Снимок экрана 2024-08-12 150401

from comfy import model_management

class ModelUnloader:
    @classmethod
    def INPUT_TYPES(cls):
        return {
            "required": {
                "image": ("IMAGE",),
            },
            "optional": {}
        }

    RETURN_TYPES = ("IMAGE",)
    RETURN_NAMES = ("image_output",)

    FUNCTION = "unload_model"

    CATEGORY = "loaders"

    def unload_model(self, image):
        loadedmodels=model_management.current_loaded_models
        unloaded_model = False
        for i in range(len(loadedmodels) -1, -1, -1):
            m = loadedmodels.pop(i)
            m.model_unload()
            del m
            unloaded_model = True
        if unloaded_model:
            model_management.soft_empty_cache()
        return (image,)

NODE_CLASS_MAPPINGS = {
    "Model unloader": ModelUnloader,
}

You node didn't work for me so i used the other unloader but the idea worked, so thankyou.
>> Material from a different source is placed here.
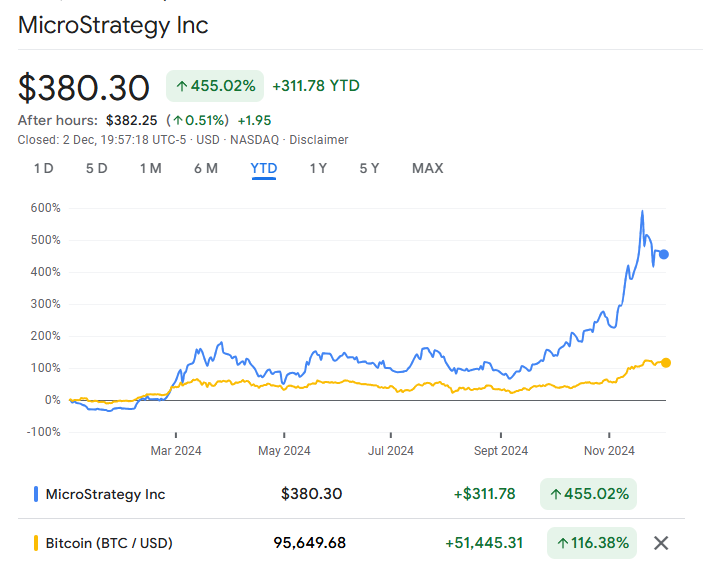 跟着特朗普当选,比特币一飞冲天,有好意思股“最大比特币代理”之称的MicroStrategy(MSTR)涨势愈加迅猛。自好意思国大选以来,比特币高涨近40%,MicroStrategy高涨67%;岁首以来,MicroStrategy涨幅高达455%,是比特币同期涨幅的快要4倍!

comfyanonymous commented 3 months ago

If you still have issues with latest ComfyUI can you run it with: --verbose and give me the full log?
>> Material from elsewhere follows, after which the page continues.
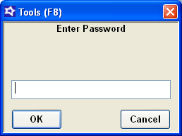 While it is not necessary to access the Tools dialog after Sales has been properly set up, it may be. One way of doing this is to change the Interface setting back to Classic, and then the function buttons become available. Another method is to press the F8 key. If the operator who is logged in has the proper security level, a dialog appears prompting the user for the password (see the following screen capture). However, Sales must be at the Product Selection screen. Pressing F8 or F6 to quit at the Ready or Finalize screens does nothing.

marhensa commented 3 months ago

@comfyanonymous Okay, I already update ComfyUI to the latest, and adds args --verbose

Here's the test:

With unloading method (from manager) and even with changing the prompt, the log is: Unloading AutoencodingEngine Unloading FluxClipModel Unloading Flux got prompt ... ... Prompt executed in 19.31 seconds <-- no lowvram, even changing the prompt_

For me it's 46 vs 19 seconds, I'd choose to unload models even it's not convinent.

Here's the workflow: Workflow-NF4-Schnell.json Here's the verbose logs: verbose-logs-20240813-comfyui.txt

comfyanonymous commented 3 months ago

Thanks it should actually be fixed now if you update ComfyUI.

marhensa commented 3 months ago

Thanks it should actually be fixed now if you update ComfyUI.

woaaw that was fast, you are genius, many thanks.

generating images with changing the prompt, now takes 21 seconds only: Prompt executed in 21.11 seconds I saw logs about unloading the models when the prompt changed.

even better than workaround above (unload node), without changing the prompt, there no need to unload, and the speed can be still fast: Prompt executed in 15.83 seconds

thank you very much @comfyanonymous , you are the best!